* Task item:
Make an exact copy of the entries, taking out every picture.

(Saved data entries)
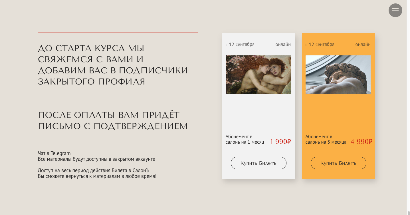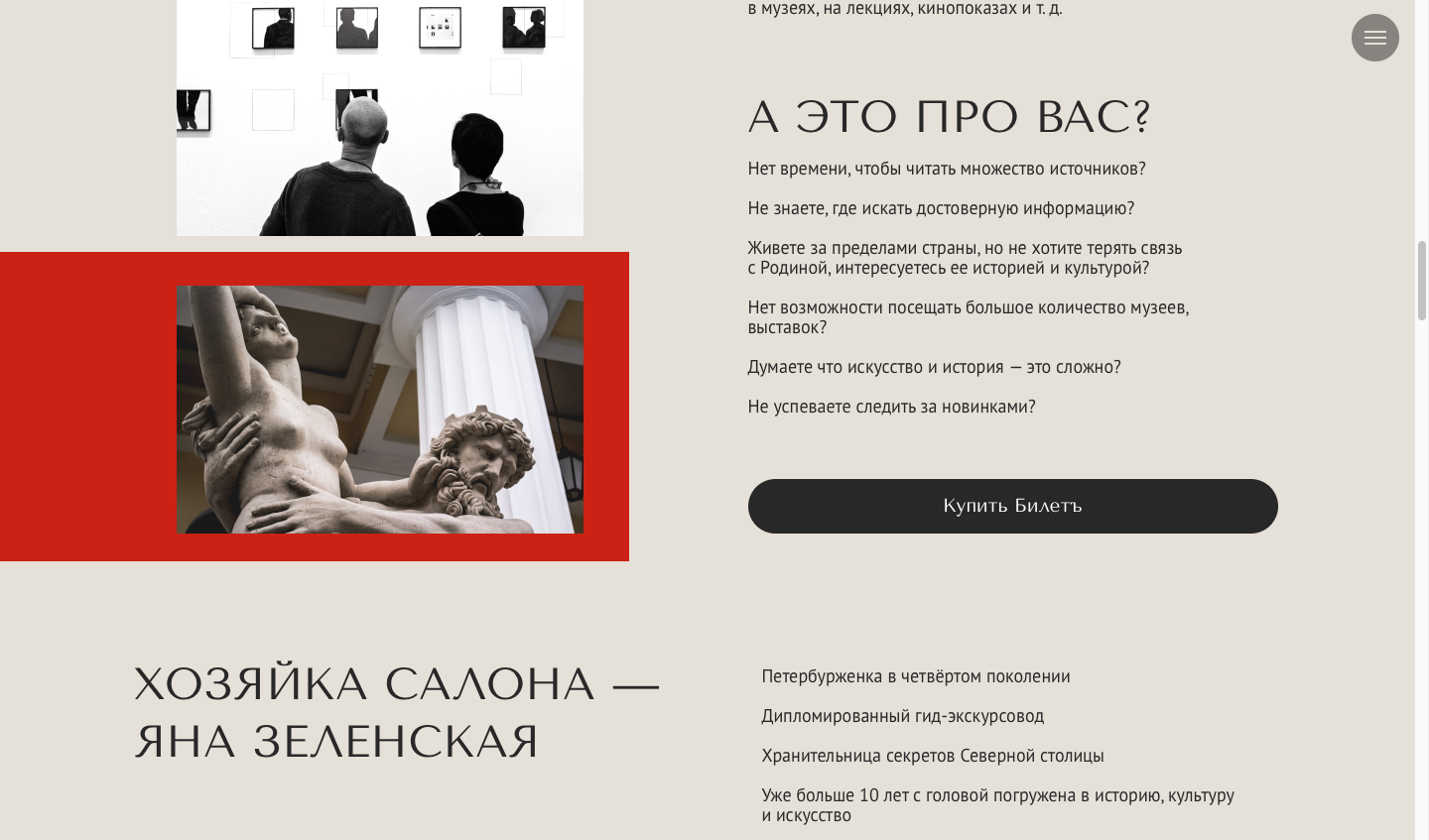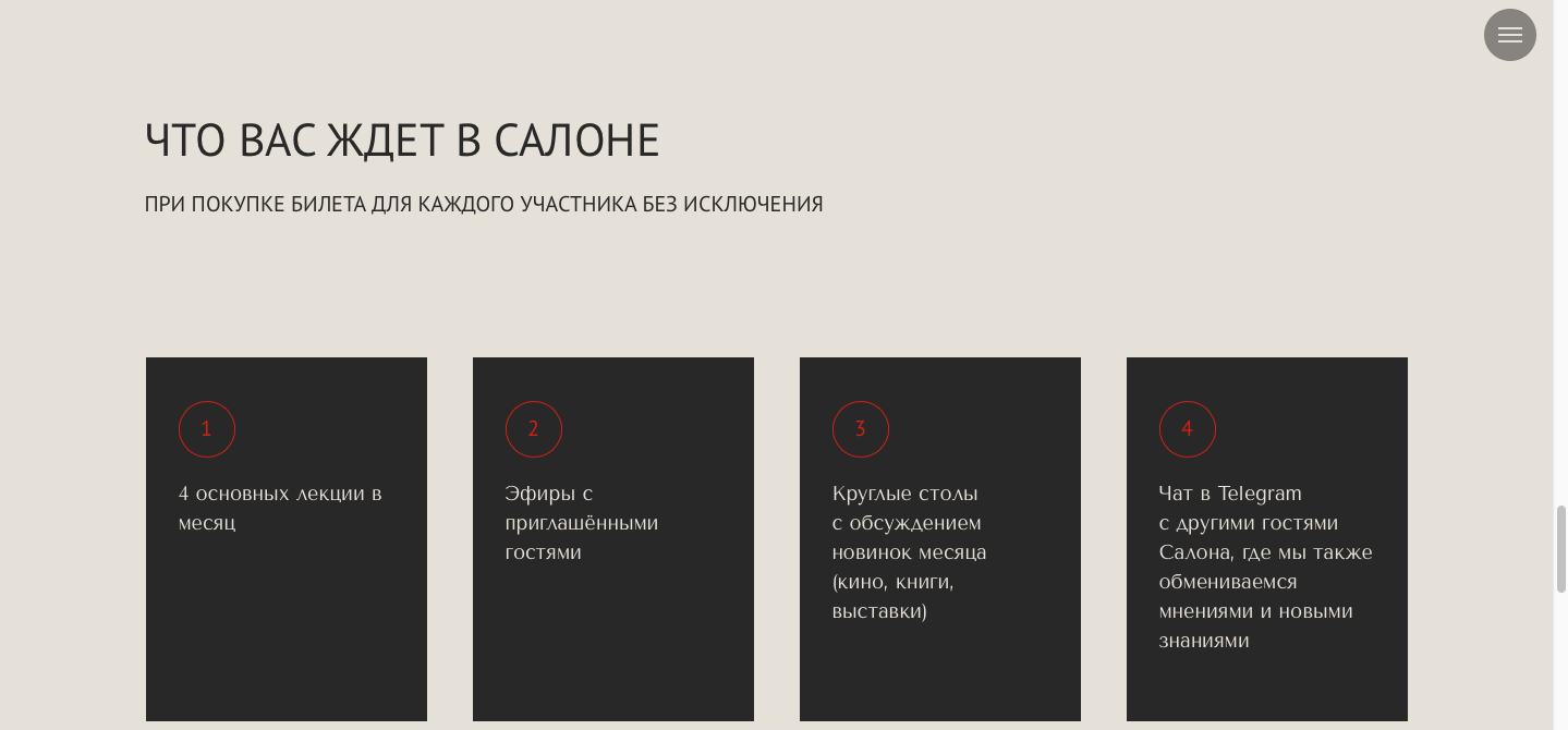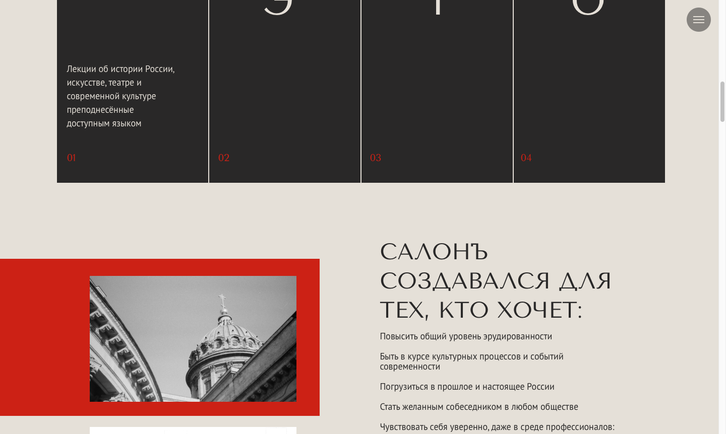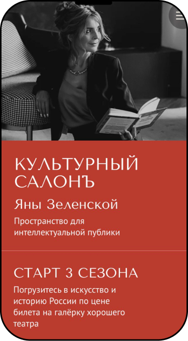Лендинг знакомит пользователя с основательницей проекта и ее лекциями, которые проходят в формате онлайн и офлайн встреч с участниками. Блоки на сайте рассказывают о Салоне, кому он будет полезен, что в него будет входить, о формате проведения и стоимости. Сайт ориентирован на женскую аудиторию в возрасте от 25 до 50 лет.
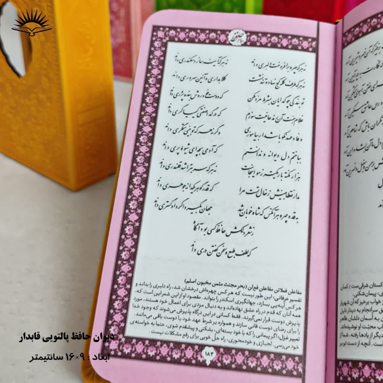 - ابعاد مناسب و قاب مقاوم باعث میشود این دیوان برای همراه داشتن در سفر، مطالعه روزانه و استفاده شخصی بسیار مناسب باشد.
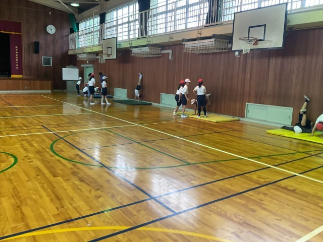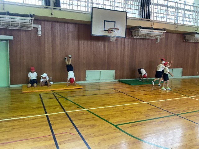 4年生。3年生と同じく、国語の音読教材で、読み方の工夫を考えたり、音読を録音したりしていました。体育では、体育館で倒立の練習をしていました。私(校長)もさせてもらいました。
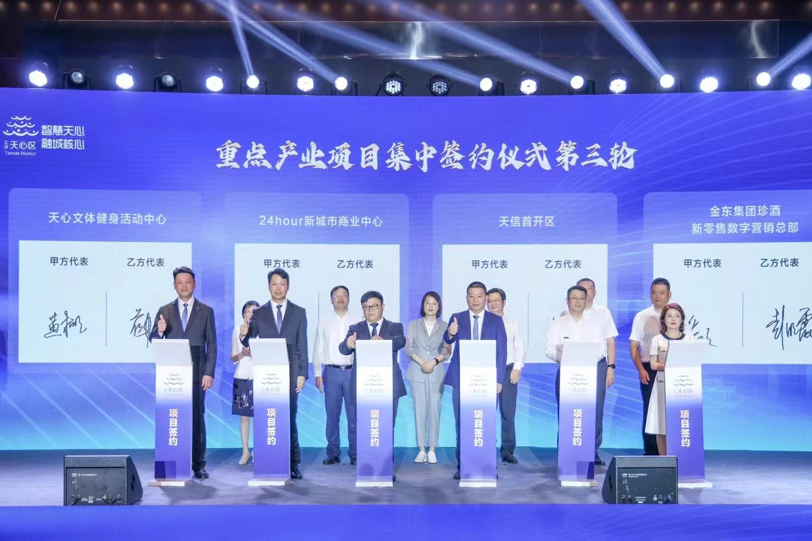會場上,湘商代表共聚一堂,“招商顧問”紛紛上臺,推介天心、宣傳天心;“四新經(jīng)濟(jì)示范企業(yè)”授牌,12個重點招商項目簽約,總投資額近100億元,其中包括天心文投與我司共同布局區(qū)域體育消費新賽道—天心區(qū)文體活動中心項目。
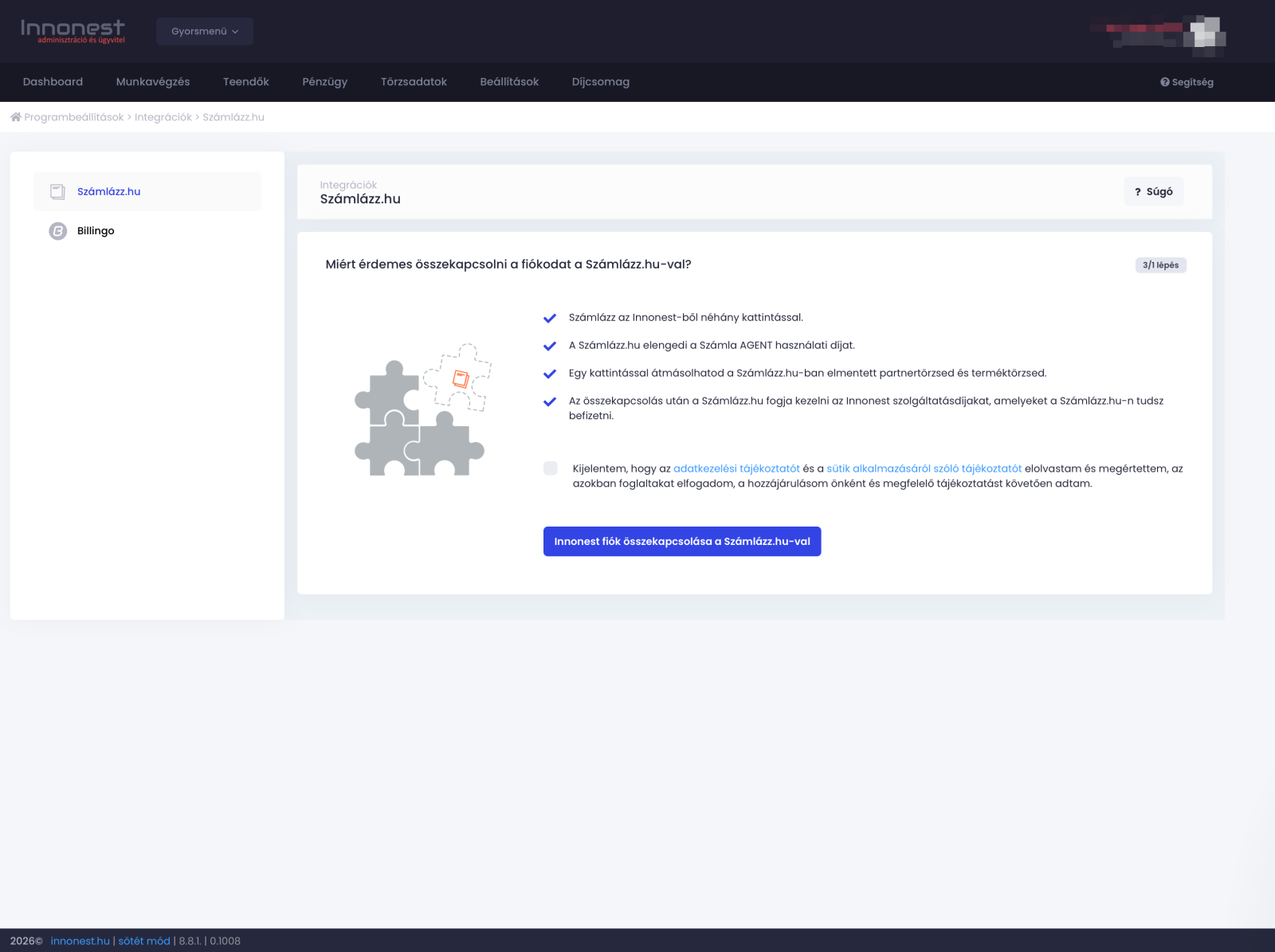 Amennyiben nem Számlázz.hu fiókkal regisztráltál, úgy a Beállítások - Integrációk menüpontba navigálj, majd válaszd a Számlázz.hu összekapcsolást, ahol pár lépésben összekötheted a rendszereket.
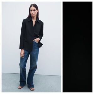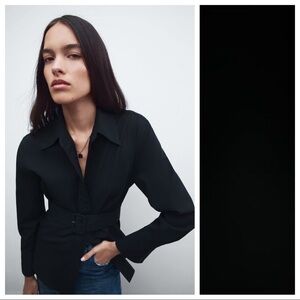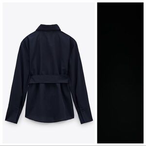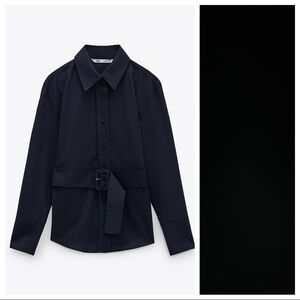 NWT. Zara Navy Blue Navy Blue Buckle Belt Button-down Shirt. Size XS.
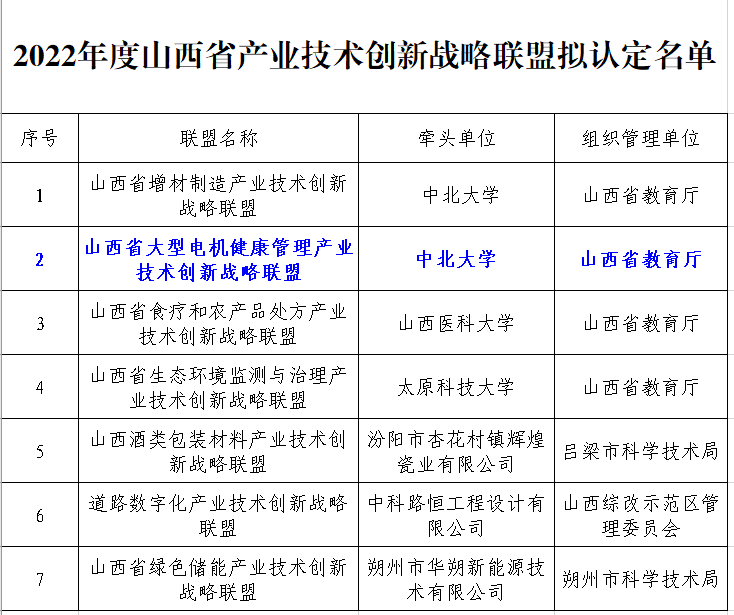 申报的山西省大型电机健康管理产业技术创新战略联盟获得认定。

* Result for this exercise:
Лендинг знакомит пользователя с основательницей проекта и ее лекциями, которые проходят в формате онлайн и офлайн встреч с участниками. Блоки на сайте рассказывают о Салоне, кому он будет полезен, что в него будет входить, о формате проведения и стоимости. Сайт ориентирован на женскую аудиторию в возрасте от 25 до 50 лет.
 - ابعاد مناسب و قاب مقاوم باعث میشود این دیوان برای همراه داشتن در سفر، مطالعه روزانه و استفاده شخصی بسیار مناسب باشد.
 4年生。3年生と同じく、国語の音読教材で、読み方の工夫を考えたり、音読を録音したりしていました。体育では、体育館で倒立の練習をしていました。私(校長)もさせてもらいました。
會場上,湘商代表共聚一堂,“招商顧問”紛紛上臺,推介天心、宣傳天心;“四新經(jīng)濟(jì)示范企業(yè)”授牌,12個重點招商項目簽約,總投資額近100億元,其中包括天心文投與我司共同布局區(qū)域體育消費新賽道—天心區(qū)文體活動中心項目。
 Amennyiben nem Számlázz.hu fiókkal regisztráltál, úgy a Beállítások - Integrációk menüpontba navigálj, majd válaszd a Számlázz.hu összekapcsolást, ahol pár lépésben összekötheted a rendszereket.
 NWT. Zara Navy Blue Navy Blue Buckle Belt Button-down Shirt. Size XS.
 申报的山西省大型电机健康管理产业技术创新战略联盟获得认定。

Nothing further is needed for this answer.